In other words, the model is re-writing history every day. That's not great for something that is meant to be tracking Rt incrementally. Especially since, in turn, the estimates for Rt vary wildly as well:

realtime_rt_with_center

Note: which line corresponds to which time cutoff / lag should be pretty self-explanatory.

So, someone checking rt.live:

  • On April 14 (5-day lag): Everything is under control in NY state:
    • Most likely Rt is 0.55.
    • The 80% CI is 0.40 - 0.66, so anything above 1 is very far-fetched.
  • With the data for two additional days (3-day lag):
    • Most likely Rt for April 14 is now short of 1, at 0.97, something that the model deemed outside of the 80% CI just three days prior,
    • Now, the 80% CI (0.82 - 1.07) puts the previous value, 0.55, outside of it.

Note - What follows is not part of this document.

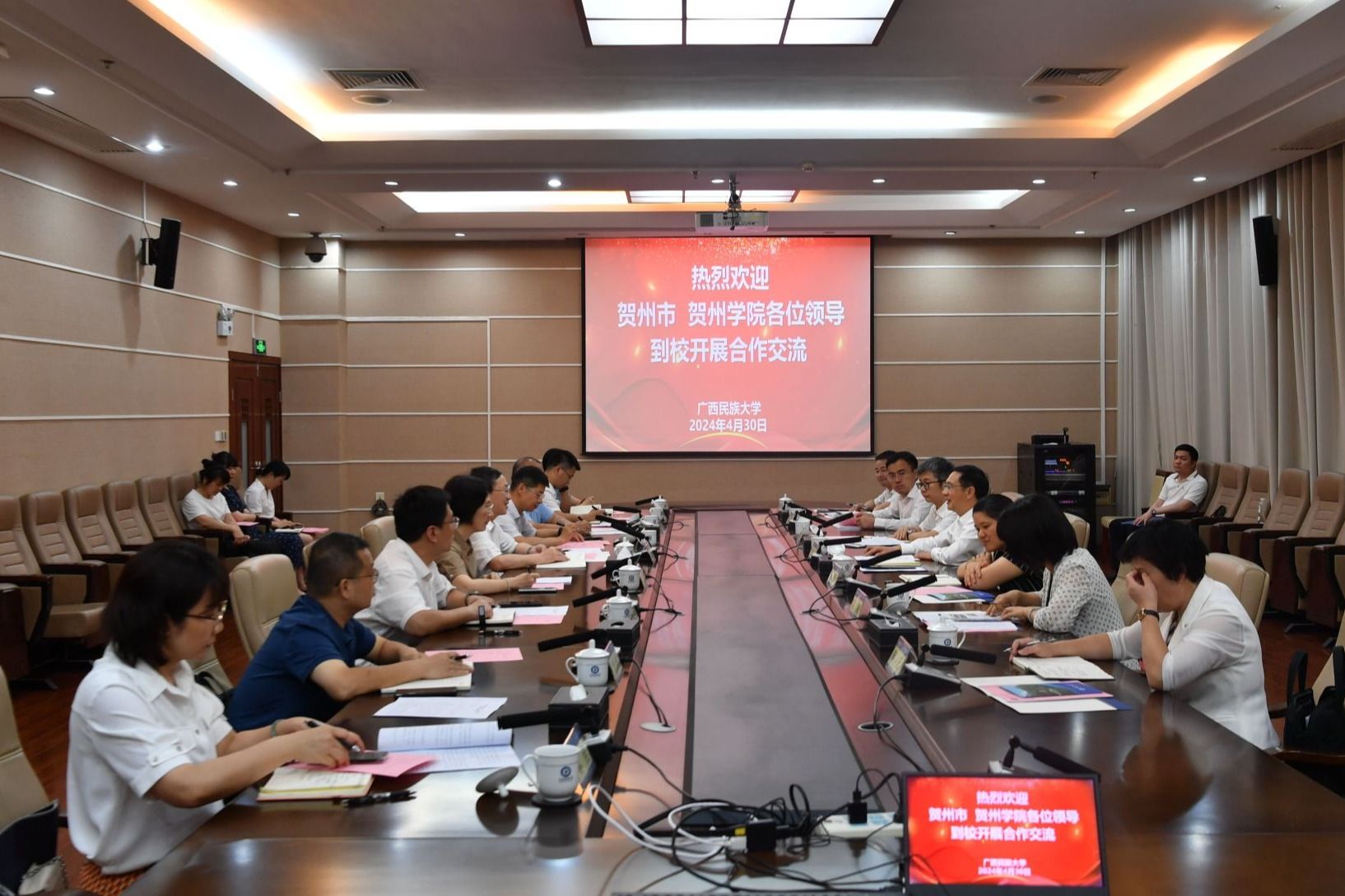 【大学生通讯社报道】4月30日下午,贺州市委书记李杰云率队到beat365英国官方网站考察交流,beat365英国官方网站党委书记卞成林参加交流座谈会,就beat365英国官方网站、贺州市、贺州学院合作进行洽谈并签署合作协议。学校党委副书记邓国彬主持会议。

Hell, it's even outside of the 95% CI, which I calculated: is 0.79 - 1.12

Same story for Rt for April 16:

  • the day of (3 -day lag):
    • Most likely Rt at 1.23
    • 80% CI: 1.09 - 1.33 (for the record: 95% CI is 1.06-1.38)
  • On April 19:
    • Most likely Rt for April 16 is 0.86
    • 80% CI: 0.72 - 0.97 (for the record: 95% CI is 0.68-1.02)
  • Similarly, both numbers, 3 days of each other, diverge way in a way that makes their CIs look meaningless.
Code for the confidence intervals (click to toggle)

for day_lag in day_lags:
    smoothed = data[day_lag]["smoothed"]
    posteriors, log_likelihood = get_posteriors(smoothed, sigma=.25)
    # Use .975 for 95% CI, .9 for 80%, .995 for 99%, etc.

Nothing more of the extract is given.